The technical scheme of the invention is as follows:

a preparation method of an intelligent fabric sensor layer specifically comprises the following steps:

providing a multi-walled carbon nanotube and carrying out pretreatment;

respectively and independently mixing the pretreated multi-walled carbon nanotube and polydimethylsiloxane with isopropanol dispersion liquid, and performing ultrasonic treatment to obtain an MWCNT solution and a PDMS solution;

mixing the MWCNT solution and the PDMS solution to obtain a mixed solution, and oscillating, stirring, heating and evaporating the mixed solution to obtain a mixture;

adding a curing agent into the mixture to obtain a mixed flexible nano composite material, then carrying out defoaming treatment on the mixed flexible nano composite material, pouring the defoamed mixed flexible nano composite material into a polytetrafluoroethylene tube, and heating and curing;

and weaving the heated and cured mixed flexible nano composite material into the intelligent fabric sensor layer by utilizing a weaving process.

The preparation method of the intelligent fabric sensor layer comprises the following steps of:

placing the multi-walled carbon nano-tube in a drying box for drying treatment; wherein the temperature of the drying oven is 80 ℃, and the drying time is 120 min.

The preparation method of the intelligent fabric sensor layer comprises the following steps of:

mixing the multi-walled carbon nanotubes with the isopropanol dispersion liquid, mixing the polydimethylsiloxane with the isopropanol dispersion liquid, and performing ultrasonic oscillation for 1 hour at the amplitude of 15% by using an ultrasonic oscillator to obtain the MWCNT solution and the PDMS solution.

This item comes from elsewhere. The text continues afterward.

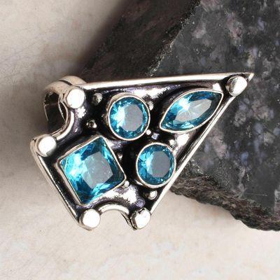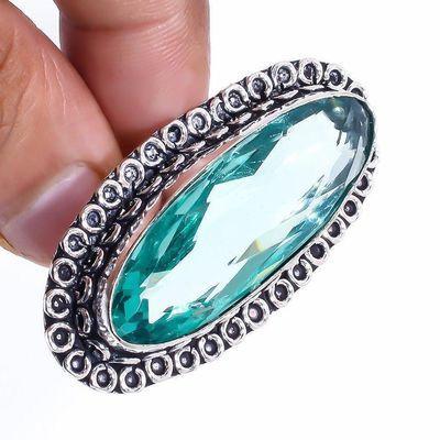 AM-3345 - Magnifique BAGUE T 57 Anneau en argent 925 et AIGUE MARINE 15x25mm - 80 carats - 16 gr
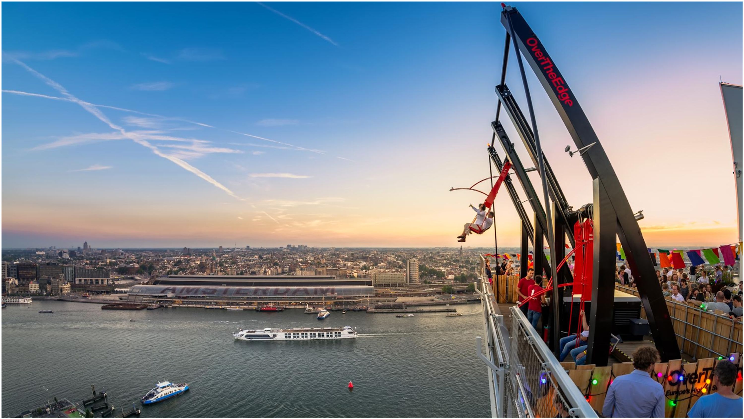 La Torre A'DAM se eleva 100 metros sobre el río IJ, con una plataforma de observación que ofrece vistas del puerto, los canales y el centro histórico.

The preparation method of the intelligent fabric sensor layer comprises the following specific steps of mixing the MWCNT solution and the PDMS solution to obtain a mixed solution, and oscillating, stirring, heating and evaporating the mixed solution to obtain a mixture:

mixing and shaking the MWCNT solution and the PDMS solution, and then stirring by using a magnetic stirrer at normal temperature; after stirring, carrying out ultrasonic treatment on the mixed solution by using an ultrasonic cleaning instrument; heating is then carried out to evaporate the isopropanol dispersion completely to give the mixture.

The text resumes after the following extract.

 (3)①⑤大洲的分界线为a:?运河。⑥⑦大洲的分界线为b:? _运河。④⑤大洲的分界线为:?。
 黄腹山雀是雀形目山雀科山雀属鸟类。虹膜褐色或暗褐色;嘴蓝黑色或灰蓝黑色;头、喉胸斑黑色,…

The preparation method of the intelligent fabric sensor layer comprises the step of preparing a mixed solution, wherein the mass of the multi-wall carbon nano tube in the mixed solution is 5% -9% of that of polydimethylsiloxane.

The preparation method of the intelligent fabric sensor layer comprises the step of preparing a curing agent, wherein the curing agent is PDMS polydimethylsiloxane pouring sealant.

The preparation method of the intelligent fabric sensor layer comprises the step of mixing the curing agent and the mixture according to a mass ratio of 15: 1.

The preparation method of the intelligent fabric sensor layer comprises the following steps of enabling the rotating speed of the magnetic stirrer to be 2000rpm, and enabling stirring time to be 30 min.

An intelligent fabric sensor layer is prepared by the preparation method of the intelligent fabric sensor layer.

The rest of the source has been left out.